また、健康リスクに対する理解を深めることで、従業員自身が安全意識を持つようになるでしょう。
■オイルミストコレクターを導入するメリット
油煙(オイルミスト)対策のなかでも、もっとも効果が期待できるのが「オイルミストコレクター」の導入です。 そこでここでは、オイルミストコレクターを取り入れるメリットについて、詳しくご紹介します。

作業環境の改善
オイルミストコレクターの導入により、工場内の空気環境が劇的に改善されます。
導入前と比較して、以下のような具体的な改善効果が期待できます。
- 空気の透明度向上による視認性の改善
- 床面の油膜付着減少による転倒リスクの低減
- 不快な油臭の低減
- 温湿度管理の効率化
清潔で快適な作業環境が実現し、従業員へのオイルミスト暴露が抑制されストレス軽減にもつながります。

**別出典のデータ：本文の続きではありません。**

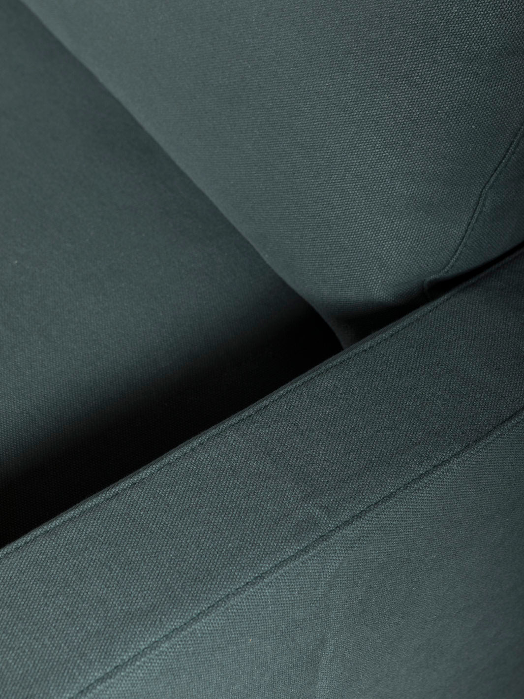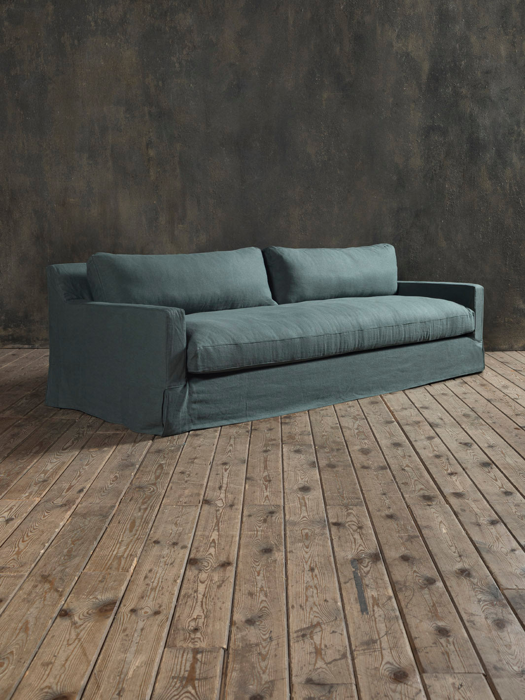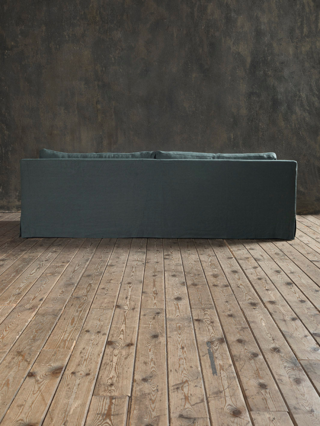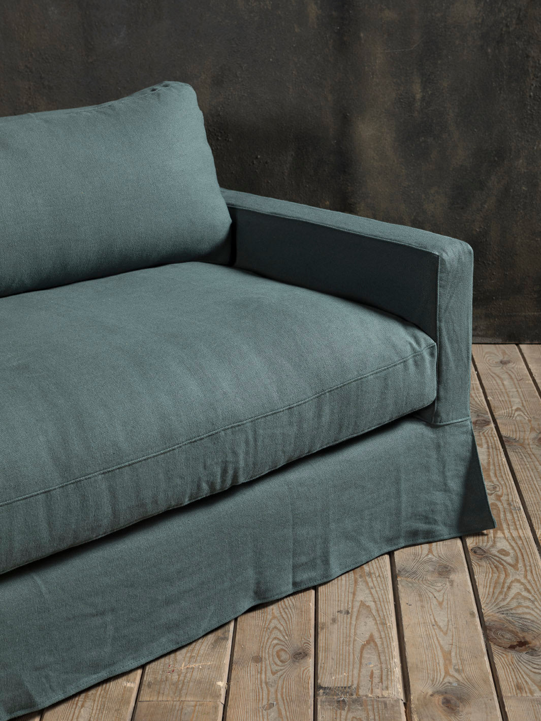 Sofá de inspiración Belga en lino desenfundable de color azul plomizo. Es confortable y ergonómico, te atrapará en su mullida estructura.
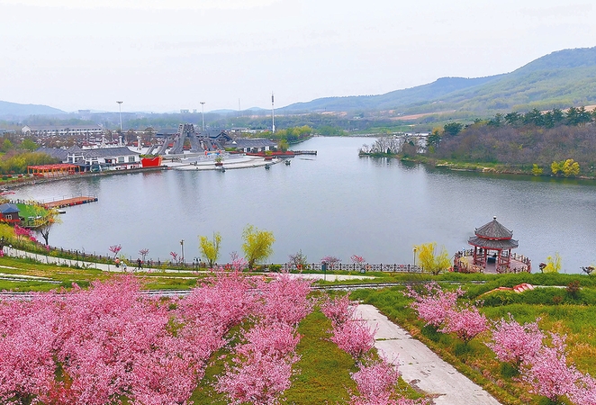 4月1日,春风送暖,老乐山迎来至美四月天。老乐山景区内,春水粼粼、桃花灼灼、流苏似雪,美景如画。
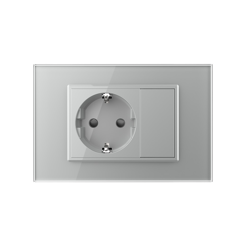 Priza simpla Livolo cu rama din sticla, model italian pentru case, birouri, spatii comerciale, hoteluri. Produse moderne de inalta calitate. Produsul este compatibil cu doze modulare in 3 module cu distanta dintre suruburi de 85 mm.

エアコン等の設備機器の汚れが減少し、故障の要因を減らすことができるのは、大きなメリットと言えるでしょう。
健康リスク低減
オイルミストコレクターは作業者の健康を守る重要な投資となります。
導入による健康リスク低減効果
- 呼吸器系疾患リスクの大幅な低下
- 皮膚トラブルの発生率減少
- 目の炎症症状の予防
- アレルギー反応の抑制
また、健康リスクが低下することで、従業員の離職率も下がる可能性も期待できます。
労働安全基準の遵守
最新の労働安全衛生法に完全準拠した作業環境を実現できます。
法令で定められた基準を満たすことで、企業全体のコンプライアンスの意識も向上し、顧客や社会からの信頼性が高まるでしょう。
生産性の向上
オイルミストコレクターの導入は、作業効率の向上に直結します。
▼具体的な生産性向上効果
- 視界良好による作業ミスの減少
- 機械メンテナンス時間の短縮
- 清掃作業の削減
- 不良品率の低下
オイルミストによる視界不良や健康被害が減少することで、ミスや作業の遅れが少なくなります。結果として、全体的な生産性の向上が期待できるのです。
機械の寿命延長
設備投資の観点からも、オイルミストコレクターは大きな効果を発揮します。
▼機械寿命への具体的な効果
- 電気系統の故障頻度低下
- 潤滑系統の長寿命化
- 精密部品の劣化抑制
- メンテナンスコストの削減
これにより、設備の寿命が延び、メンテナンスコストの削減にもつながります。
さらに、安定した稼働状況を維持できるため、計画的な生産が可能になります。
環境への配慮
オイルミストコレクターは、環境負荷低減にも貢献します。
▼主な環境改善効果
- 廃油量の削減
- CO2排出量の低減
- 空調負荷の軽減
- 油剤使用量の最適化
オイルミストコレクターの導入は、SDGs達成目標に向けた取り組みとしても、多くの企業が注目しています。
■オイルミストコレクター導入の注意点
事前に知っておくべき、オイルミストコレクターを取り入れるときの注意点について解説します。
使用環境に適したタイプを選ぶ
オイルミストコレクターには「フィルター式」「フィルターレス式」「電気集塵式」があります。
フィルター式
フィルター式オイルミストコレクターは、ミストを物理的にフィルターで捕集する仕組みです。
この方式は、初期費用が比較的安価で、メンテナンスが簡単という利点があります。
ただし、フィルターが詰まると性能が低下するため、定期的な交換が必要です。
特に、高濃度のオイルミストが発生する環境では、頻繁なメンテナンスが必要となる場合があります。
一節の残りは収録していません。